The makers are clear about their intentions with the very first frame, where Universal's logo evolution is on display. In the present day, tour guide Olivia (Allison Janney) takes students on a tour to the film museum to tell the story of minions' contribution to films that is largely unspoken of. Cut to a flashback where, amidst the minions' relentless passion to serve a master and scavenging for resources, James (Pierre Coffin), along with his friends, find themselves in a movie unintentionally. There was no looking back, or we thought so, once they met filmmaker Max (Christoph Waltz). The tiny creatures were fun as long as they were cast in comical films. Once the studios decide to make serious films with them, they seem miscast and are eventually kicked out. The dejected minions once again take out a journey to serve a master while James and Henry (Coffin again) stay back to prove their critics wrong. They decide to make a movie on monsters.
Minions and Monsters is a very simple film that operates on the premise of the minions breaking away from servitude and nurturing a dream of their own. The decision to just keep it to that and mix pratfall humour with homages to old Hollywood films both liven up and dull the film at different points. But the laughs are done really well and are embedded within the homages. Take, for instance, the Modern Times trope in which the minions chase a group of bandits and Jesse Eisenberg's hilarious Dort (A parody of Gort from the 1951 film The Day the Earth Stood Still), neatly blend into the story. To add to it, the story has in it organically to put the already clumsy creatures into Keatonesque spaces that are competent both as humour and homage.
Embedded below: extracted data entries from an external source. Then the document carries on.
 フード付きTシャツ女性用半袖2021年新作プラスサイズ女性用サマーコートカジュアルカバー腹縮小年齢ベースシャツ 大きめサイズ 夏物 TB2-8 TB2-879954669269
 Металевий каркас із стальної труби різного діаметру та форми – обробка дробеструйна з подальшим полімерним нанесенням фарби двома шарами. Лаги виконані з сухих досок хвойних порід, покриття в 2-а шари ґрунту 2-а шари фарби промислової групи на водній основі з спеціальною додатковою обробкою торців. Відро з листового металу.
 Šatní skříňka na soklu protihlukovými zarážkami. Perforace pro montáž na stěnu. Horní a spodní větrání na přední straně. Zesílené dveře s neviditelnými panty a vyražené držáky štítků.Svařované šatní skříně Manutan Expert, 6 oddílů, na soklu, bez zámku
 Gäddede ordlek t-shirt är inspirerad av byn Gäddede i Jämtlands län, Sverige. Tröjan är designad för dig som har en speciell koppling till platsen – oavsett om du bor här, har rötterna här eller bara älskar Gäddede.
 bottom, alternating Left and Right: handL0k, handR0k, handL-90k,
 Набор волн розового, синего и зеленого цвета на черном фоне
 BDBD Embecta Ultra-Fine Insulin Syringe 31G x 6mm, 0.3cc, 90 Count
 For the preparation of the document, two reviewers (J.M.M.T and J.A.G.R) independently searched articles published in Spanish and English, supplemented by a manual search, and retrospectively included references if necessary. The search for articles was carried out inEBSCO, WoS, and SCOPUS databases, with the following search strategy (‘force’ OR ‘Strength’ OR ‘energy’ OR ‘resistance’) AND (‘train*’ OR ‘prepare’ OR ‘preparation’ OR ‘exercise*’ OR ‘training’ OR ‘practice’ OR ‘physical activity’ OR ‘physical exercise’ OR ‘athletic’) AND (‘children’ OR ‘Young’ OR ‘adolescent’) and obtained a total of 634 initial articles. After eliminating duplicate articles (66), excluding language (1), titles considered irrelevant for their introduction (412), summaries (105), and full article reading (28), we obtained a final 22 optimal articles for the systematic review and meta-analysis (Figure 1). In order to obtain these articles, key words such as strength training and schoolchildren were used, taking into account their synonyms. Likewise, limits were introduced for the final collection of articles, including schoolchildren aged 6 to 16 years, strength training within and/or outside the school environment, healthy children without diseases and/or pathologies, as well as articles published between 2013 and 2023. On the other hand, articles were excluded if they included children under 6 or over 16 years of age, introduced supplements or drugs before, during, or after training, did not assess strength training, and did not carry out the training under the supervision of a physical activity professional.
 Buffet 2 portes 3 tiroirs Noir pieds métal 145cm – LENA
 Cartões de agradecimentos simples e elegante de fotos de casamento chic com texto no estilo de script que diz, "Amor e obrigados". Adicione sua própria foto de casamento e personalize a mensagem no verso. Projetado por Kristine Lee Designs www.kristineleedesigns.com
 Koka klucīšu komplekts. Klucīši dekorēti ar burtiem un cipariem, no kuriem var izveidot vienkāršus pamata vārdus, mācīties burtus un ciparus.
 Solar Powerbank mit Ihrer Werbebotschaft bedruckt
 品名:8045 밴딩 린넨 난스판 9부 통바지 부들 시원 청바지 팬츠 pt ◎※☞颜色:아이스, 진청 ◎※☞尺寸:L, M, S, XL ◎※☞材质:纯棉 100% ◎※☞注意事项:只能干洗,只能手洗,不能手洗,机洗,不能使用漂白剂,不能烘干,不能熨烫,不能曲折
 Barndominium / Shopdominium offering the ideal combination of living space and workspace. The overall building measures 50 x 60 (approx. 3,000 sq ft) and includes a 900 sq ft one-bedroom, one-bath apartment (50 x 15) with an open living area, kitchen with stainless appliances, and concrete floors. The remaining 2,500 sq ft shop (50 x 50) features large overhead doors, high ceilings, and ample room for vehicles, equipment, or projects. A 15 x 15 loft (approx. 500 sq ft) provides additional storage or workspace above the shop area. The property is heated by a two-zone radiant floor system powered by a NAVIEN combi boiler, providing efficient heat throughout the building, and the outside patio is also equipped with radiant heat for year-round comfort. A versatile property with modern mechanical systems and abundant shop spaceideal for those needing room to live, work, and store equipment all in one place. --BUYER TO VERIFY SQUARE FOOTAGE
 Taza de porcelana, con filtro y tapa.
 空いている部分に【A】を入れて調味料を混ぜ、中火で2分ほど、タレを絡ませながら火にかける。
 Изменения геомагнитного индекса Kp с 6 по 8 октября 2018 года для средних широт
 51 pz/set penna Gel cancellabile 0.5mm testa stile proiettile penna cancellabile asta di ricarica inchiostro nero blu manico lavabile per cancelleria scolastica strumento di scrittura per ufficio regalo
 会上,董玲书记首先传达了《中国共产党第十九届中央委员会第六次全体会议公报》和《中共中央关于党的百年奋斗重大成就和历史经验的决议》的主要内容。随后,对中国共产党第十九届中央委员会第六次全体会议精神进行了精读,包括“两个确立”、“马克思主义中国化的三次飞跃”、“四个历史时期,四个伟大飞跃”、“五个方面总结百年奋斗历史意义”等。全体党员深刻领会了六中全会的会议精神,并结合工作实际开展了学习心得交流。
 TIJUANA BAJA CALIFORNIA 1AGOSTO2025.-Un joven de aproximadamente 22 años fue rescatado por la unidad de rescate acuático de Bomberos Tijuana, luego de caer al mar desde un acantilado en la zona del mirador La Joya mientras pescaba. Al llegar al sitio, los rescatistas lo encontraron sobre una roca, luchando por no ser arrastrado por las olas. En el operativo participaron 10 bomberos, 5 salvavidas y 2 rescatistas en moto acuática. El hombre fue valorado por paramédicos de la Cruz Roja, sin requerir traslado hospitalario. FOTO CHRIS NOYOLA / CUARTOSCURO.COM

The Oscar moments in James' head, where he pictures the award as a banana, were particularly rip-roaring. The incorporation of the suffragettes movement in the sub-plot was equally hilarious, especially given how Dort and his minion servants look clueless about any of these things.
Director: Pierre Coffin
Cast: Pierre Coffin, Christoph Waltz, Jesse Eisenberg, Allison Janney
This also comes at the expense of sacrificing the character development of James and Henry, who discover that they can be their own masters. To keep the comedy and tributes coming, the writers seem to have kept the narrative and arcs to a bare minimum. Having seen animated films imparting some of the most profound thoughts of life through their characters, Minions and Monsters are pregnant with a lot of such ideas, merely scratching the surface.
Another space where ideas remain ideas without effort in execution is the missed emotional payoffs. Now, one may question the rationale behind expecting these things in a fun watch featuring minions. With the makers wanting to do something new, nuanced, and profound with minions while also refusing to do more with the characterizations, it is a classic case of wanting butter on both sides of the bread. The minions parting ways and reuniting to rescue Henry was one such space. Neither James nor Henry nor the rest of the minions ever feels pangs of separation from the other, resulting in their reunion falling flat.
Apart from the laughs and hat-tips, the film was also visually gratifying. The undercranked motion, atypical of the silent-era filmmaking (a hat-tip too), in the scene where the monsters Howard (Phil LaMarr) and Phillips (Bobby Moynihan) chase Henry, elaborate chases and uninterrupted wide framing brought freshness to the narrative. These techniques also helped the film greatly, as minions are tailor-made silent-comedy protagonists.
Despite shortcomings, Minions and Monsters succeeds where it matters the most: Fun. The film strikes gold in comical consistency, visual inventiveness, and its affection for the journey of cinema. The tiny yellow troublemakers compensate for the unrealised emotional potential with a heartfelt tribute to movies and their peculiar, zany physical humour.